In school districts such as Rich­mond County that rely heavily on federally funded programs for low-income and disabled children, the impact could be big.

“All that money we get for federal grants will be affected,” said Richmond County Board of Education member Frank Dolan.

School districts understand that federal money to states could be cut if Congress doesn’t reach a deal and the country sees higher taxes and federal spending cuts, according to Georgia De­part­ment of Education spokesman Matt Cardoza.

In response, Cardoza said, the state has told all school districts to expect a 9 percent reduction in funding for low-income students in the Title I program and funds for disabled students in the 2013-14 budget.

“My gut feeling is when the feds start cutting, it’s going to be bad either way,” said board member Jack Padg­ett, who said 27 percent of the Richmond County school budget comes from the federal government.

Another concern for education funding is a possible 3 percent cut to state agencies, including the Department of Education, that could be implemented when Gov. Nathan Deal presents an amended budget for the current fiscal year in January.

Deal asked all state agencies to submit an amended budget with 3 percent reductions. Though all might not go into effect, Cardoza said the Education Department is prepared.
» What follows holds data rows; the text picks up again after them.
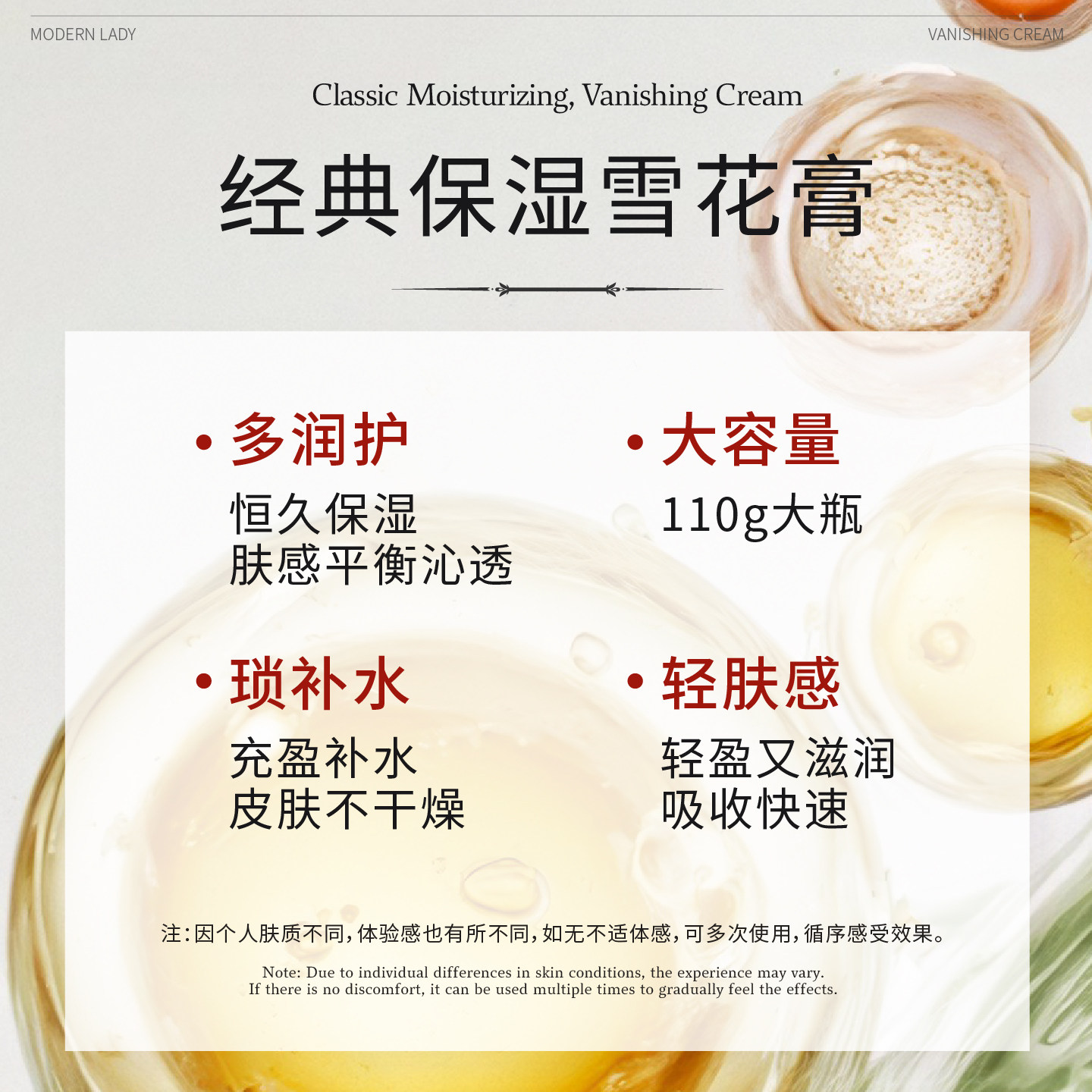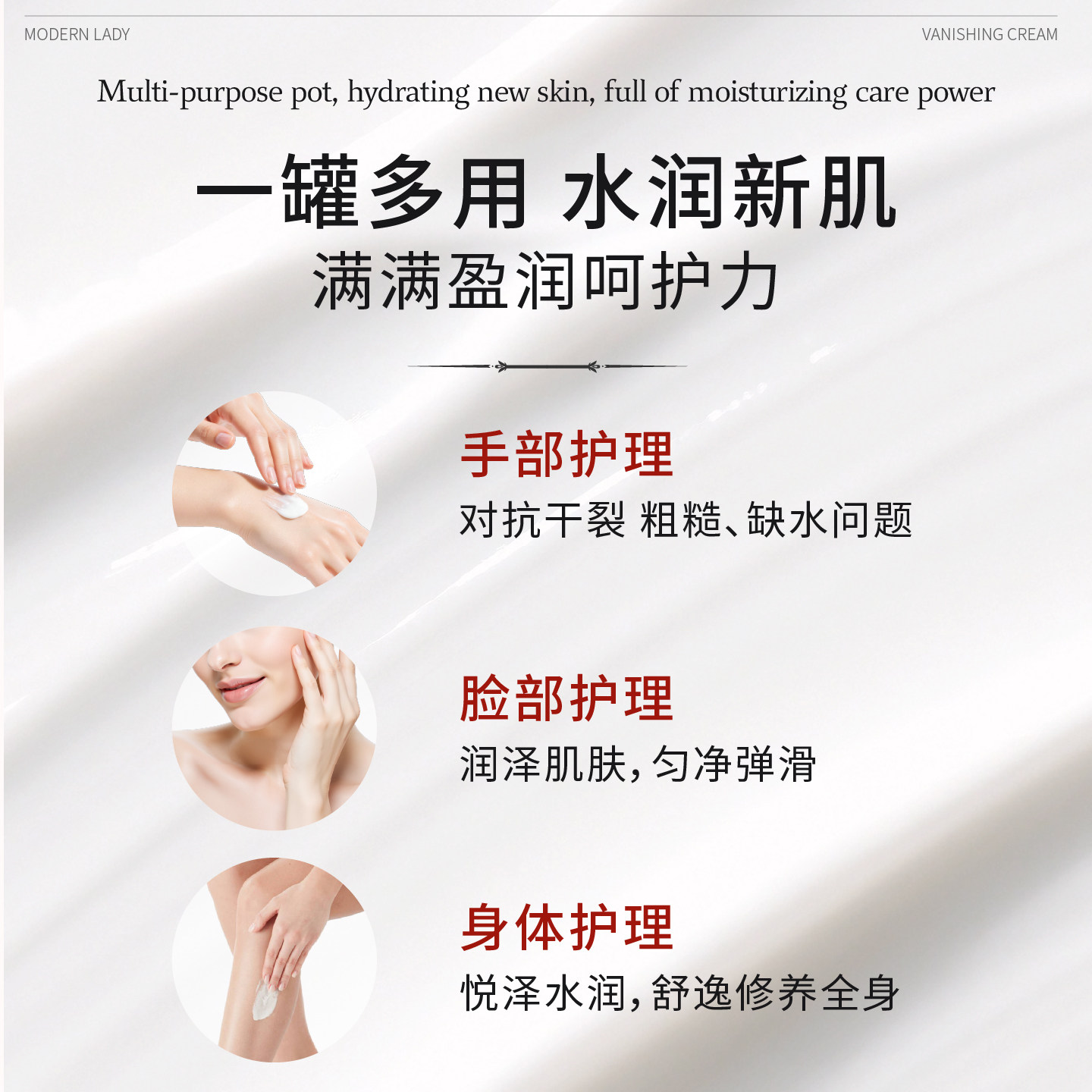 摩登红人正品老上海经典雪花膏,传承上世纪三十年代上海滩经典护肤配方,以天然植物精华为基底,融合现代护肤科技,打造110g精致装护手霜、保湿面霜与身体乳三合一经典产品。质地细腻柔滑,一抹即化,迅速渗透肌肤,深层滋润干燥部位,持久锁水保湿,令肌肤柔嫩光滑。淡雅清香,复古包装,尽显老上海的优雅风情。适用于面部、手部及全身肌肤,四季皆宜,尤其适合干燥季节使用。摩登红人坚持品质为本,正品保障,是追求经典与实用兼具的现代女性护肤优选,重现东方美肌的温润光彩。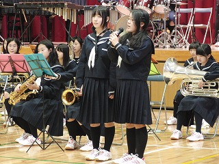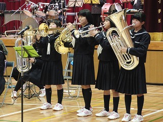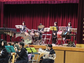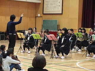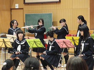 今年度は初めての試みとして、田辺中学校吹奏楽部に来て頂き「音楽の集い」を行いました。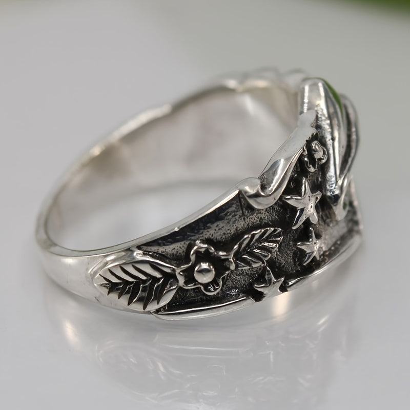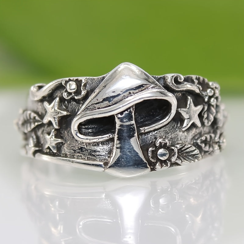 Add a touch of personality with this retro-inspired mushroom, star, and leaf ring. A unique accessory for men's hand jewelry collection.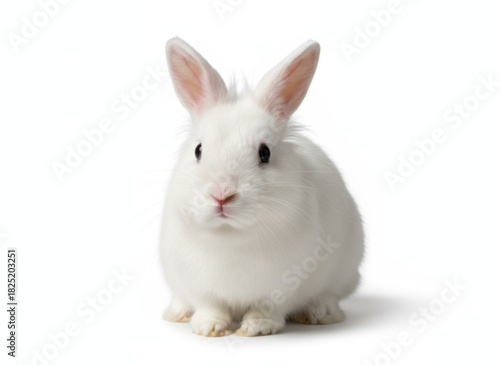 © Syafiq Rahman, Obraz premium A fluffy white rabbit sits facing forward against a white background.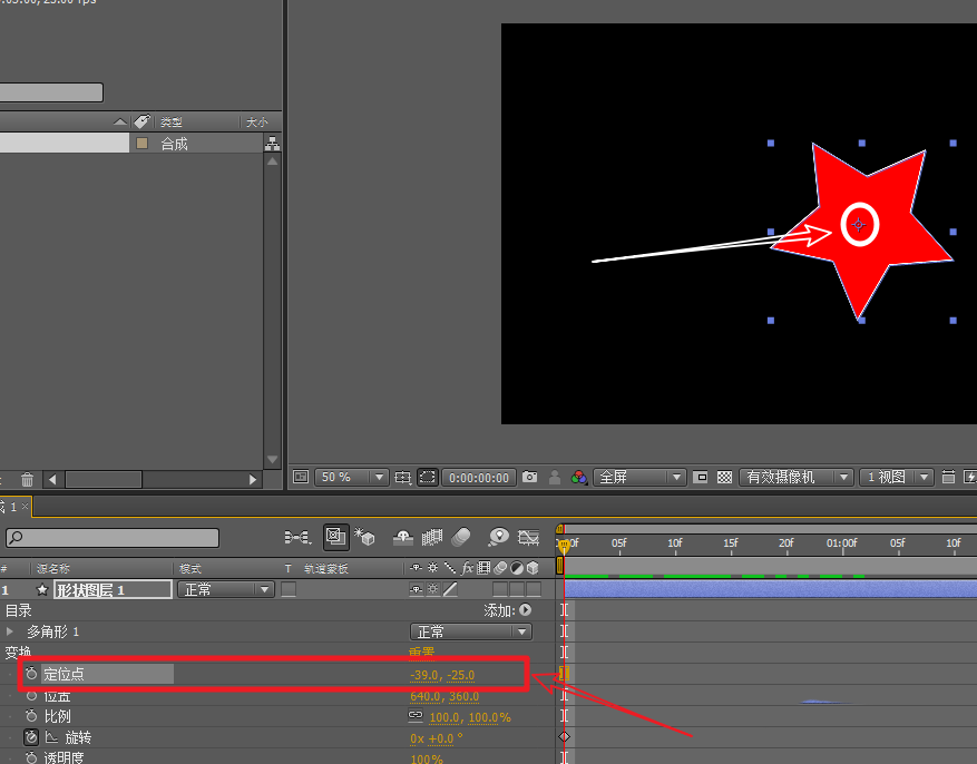 3、我们希望星星的轴心点在星星的中心位置,这样才不会产生奇怪的抖动。调整定位点的属性参数,将其确保移动到星星的中心位置即可。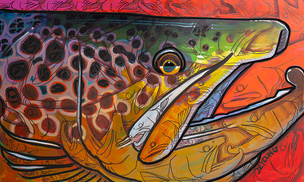 All images and content copyright 2024 Canvasfish.com, LLC. All rights reserved. Livingston, Montana. Welcome to the collection of fish paintings by fish artist Derek DeYoung, whose work is dedicated to the avid angler. A fresh view on a classic subject.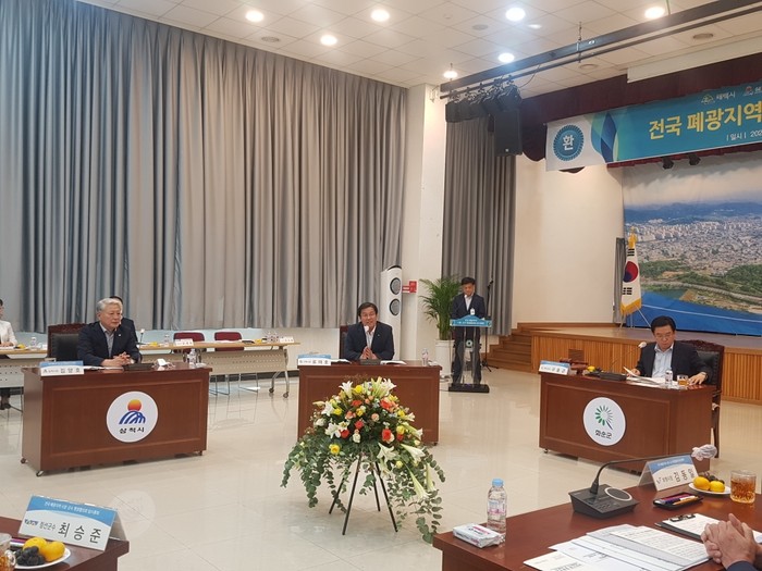 [로컬세계 박상진 기자]류태호 시장은 18일 오후 2시 전남 화순군 대회의실에서 전국 폐광지역 시장·군수 행정협의회(이하 협의회) 임시총회에 참석, '한국광업공단법안'에 대한 폐광지역 7개 시·군의 공동 대응에 관해 논의했다.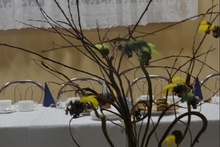 OD RANA ORGANIZATORZY (RADA SOŁECKA, SOŁTYS, MIESZKANKI SOŁECTWA) SZYKUJĄ WYSTRóJ ŚWIETLICY I NAKRYCIE STOŁóW NA UROCZYSTOŚĆ DNIA KOBIET. WARTO WSPOMNIEĆ, ŻE WIEŚ BUDUJE SWOJĄ TEMATYKĘ NA BAZIE LASU „LEŚNE DZIADY”, „KRAINA SZYSZKI” WIĘC PODCZAS IMPREZY MOŻNA BYŁO ZAUWAŻYĆ AKCENT LASU NA STOŁACH W KSZTAŁCIE LITERY „O” STAŁY ŚWIECZNIKI Z BRZOZY I SZYSZEK RĘCZNIE WYKONANE PRZEZ MARCINA MRUKA. W ŚRODKU STOŁóW STAŁ WAZON Z GAŁĘZIAMI SYMBOLIZUJĄCY DRZEWO, A NA GAŁĄZKACH WISZĄCE PTASZKI Z SZYSZEK I PIóR WYKONANE PRZEZ ANNE MRUK.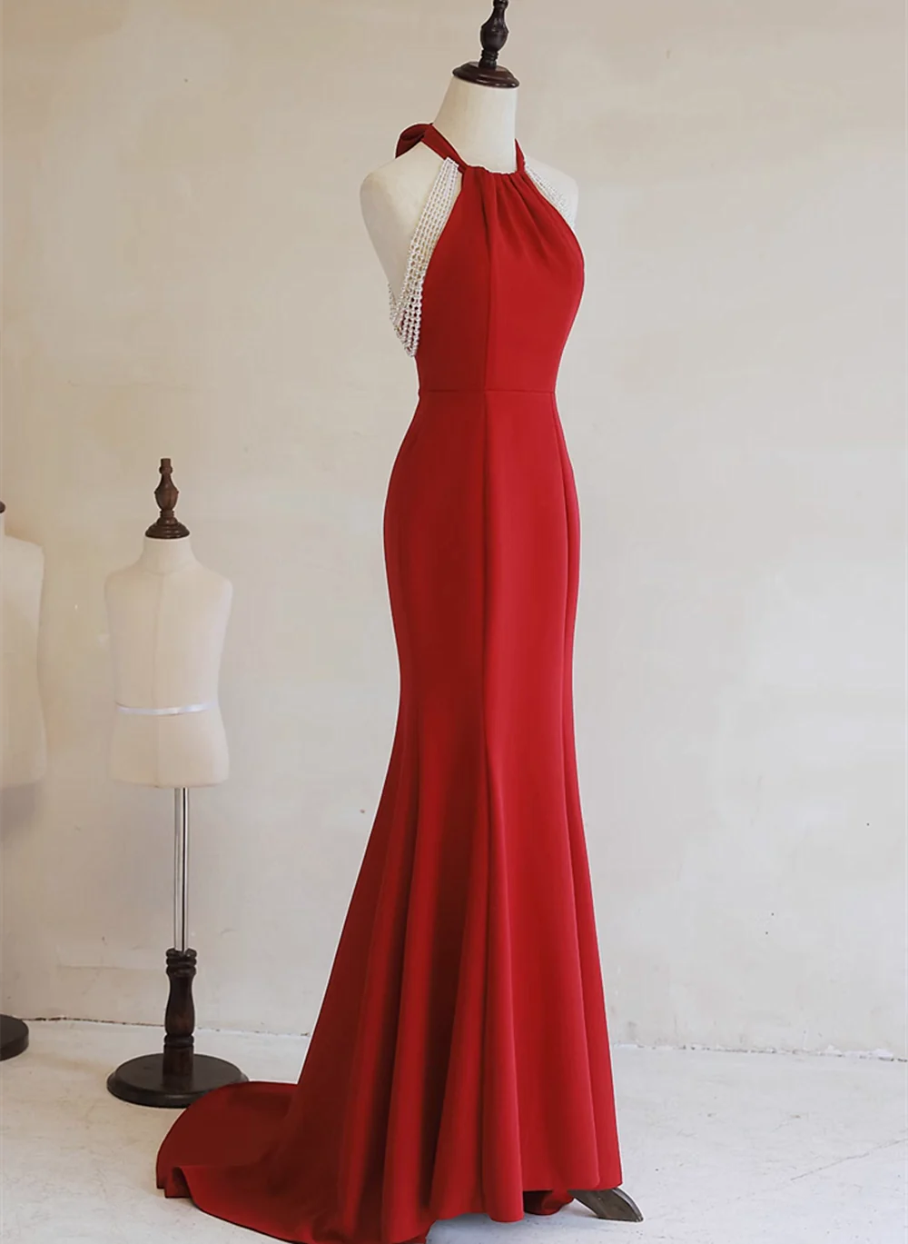 Simple Pretty Red Halter Mermaid Long Formal Dress, Red Long Evening Dress Prom Dress TP1246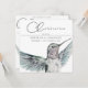 A hand-painted watercolor hummingbird with stunning detail and subtle hues of aqua and rose decorates this unique, delicate and loving celebration of life invitation in classic black and white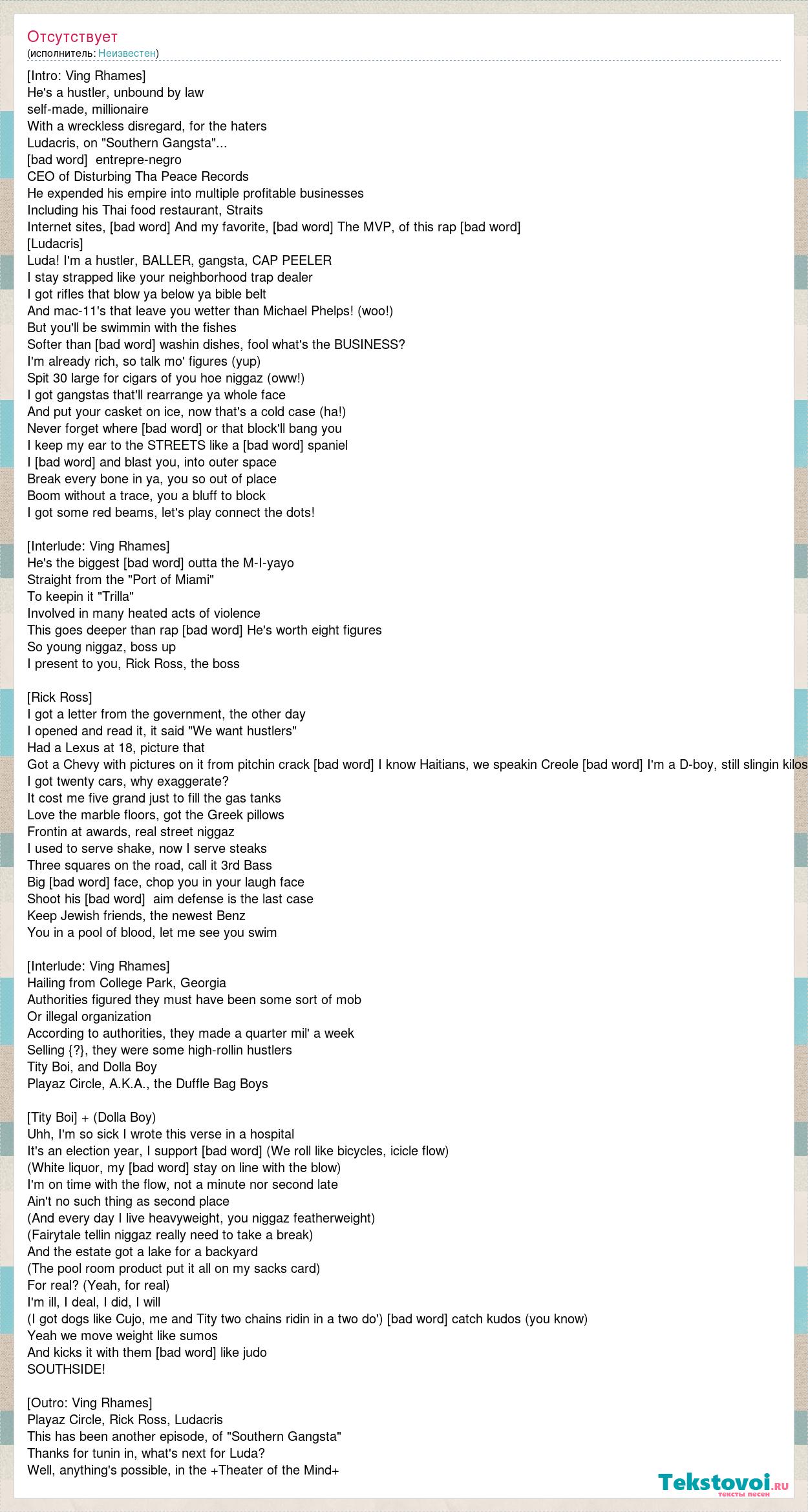 А как ты думаешь, о чем песня "[Intro: Ving Rhames]" ?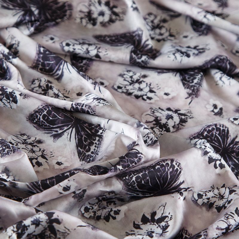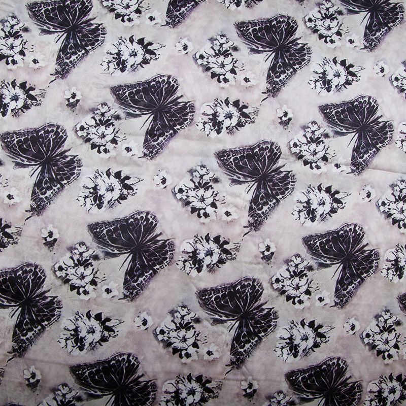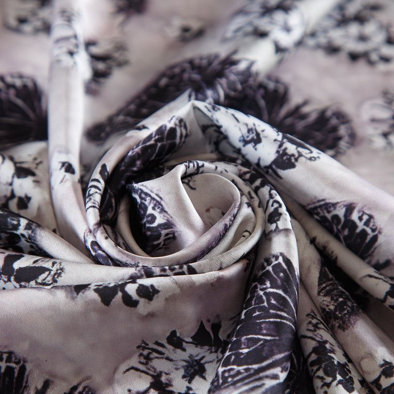 Шелк синтетический стрейч 065-17784 черый принтованный в Воркуте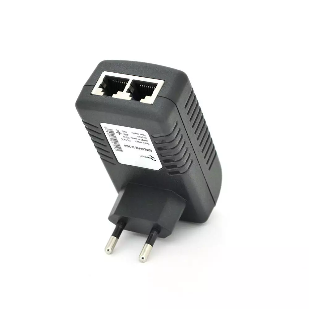 POE інжектор RITAR адаптер 48V 0,5A (24Вт) 2 порти (RG-45 10/100Мбіт/с + RG-45 POE) Євро вилка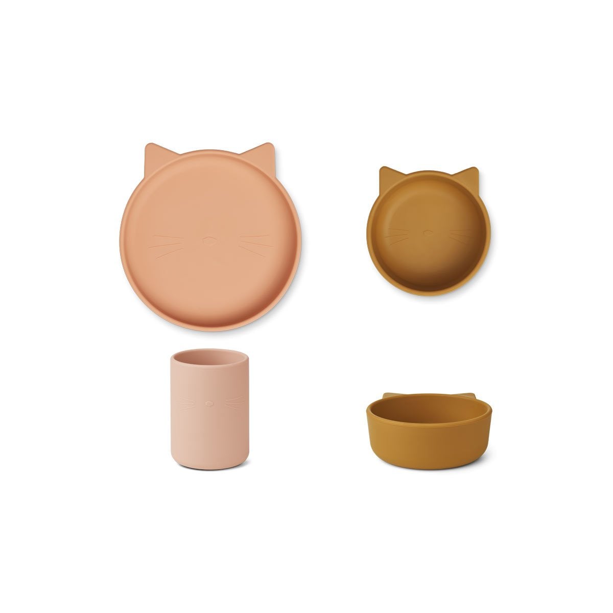 儿童玫瑰粉猫咪硅胶餐具(3件)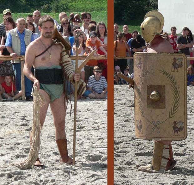 Retiarius-Ausstattung: Dreizack, Netz, Dolch und Schulterschirm, fast völlig ungeschüzt mit hoher Beweglichkeit; Secutor-Ausstattung: eiförmiger Helm mit flossenartigen Kamm, schwer gepanzert, eingeschränkte Sicht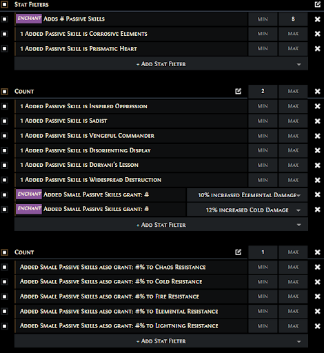 Added whether a passive was shown as a ImplicitEnchant a Explicit aka rollable mod or both. Cluster Jewels can be crafted using all of the same methods that youre used to using with other Path of Exile items. The 10 multi is okay but being able to turn any enemy regen modifier into a non-issue is great when it shows up.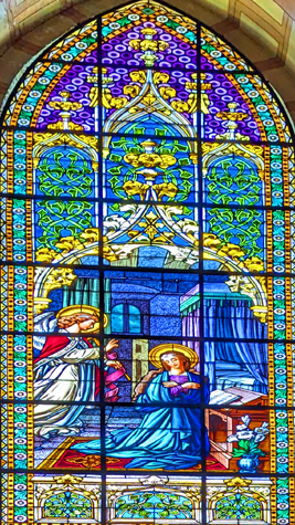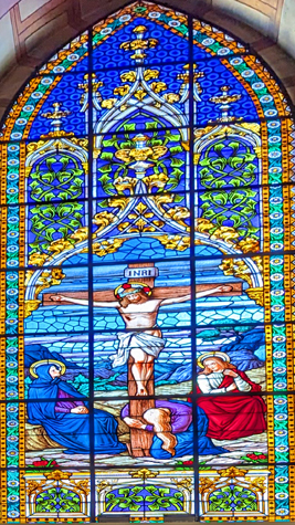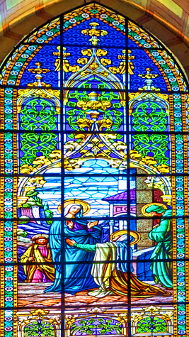 Today, the weather was much better outside, and I think that the bright sun showed off the stained glass to better effect than when we were here with Jeffie. So on this page, I want to concentrate on the stained glass. I have taken another picture in each chapel, but this time just of the stained glass, and I have put those pictures of the beautiful glass works in a slideshow. That slideshow is at right.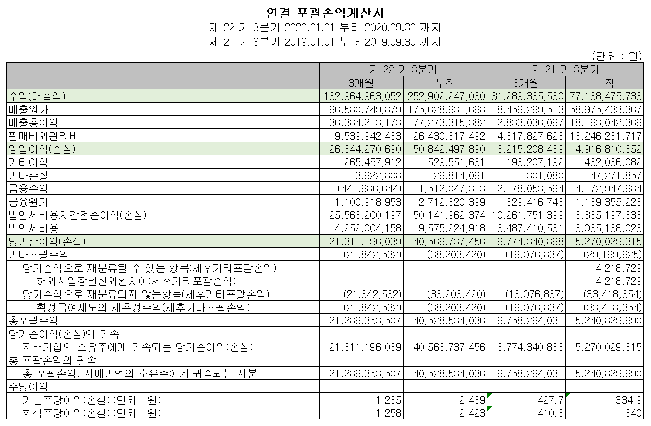 당사의 2020년 3분기 누적 기준 매출액은 2529억 원으로 전년 동기 대비 227.9% 증가했고, 영업이익은 508억 원으로 934% 증가했습니다. 주요 고객사인 삼성디스플레이의 신규 설비 투장에 따른 공급 확대가 주요인으로 파악됩니다.

The department cuts would not affect QBE, or Equalization, funding, which is the bulk of money given to districts. Still, a lot of unknowns remain at this point, said Alan Essig, the executive director of the Georgia Bud­get and Policy Institute.

“It’s fair to say the state is still facing some significant shortfalls, both in the current fiscal year and the fiscal year upcoming,” Essig said.

According to state Sen. Jack Hill, the chairman of the Sen­ate Appropriations Com­mittee, the fiscal 2013 state budget was built with projections of about 5 percent growth in collections over last year. The state has collected less than that estimate, creating a deficit.

“The revenue growth is slow,” Essig added. “The question is, what options does the governor have to cover the shortfalls?”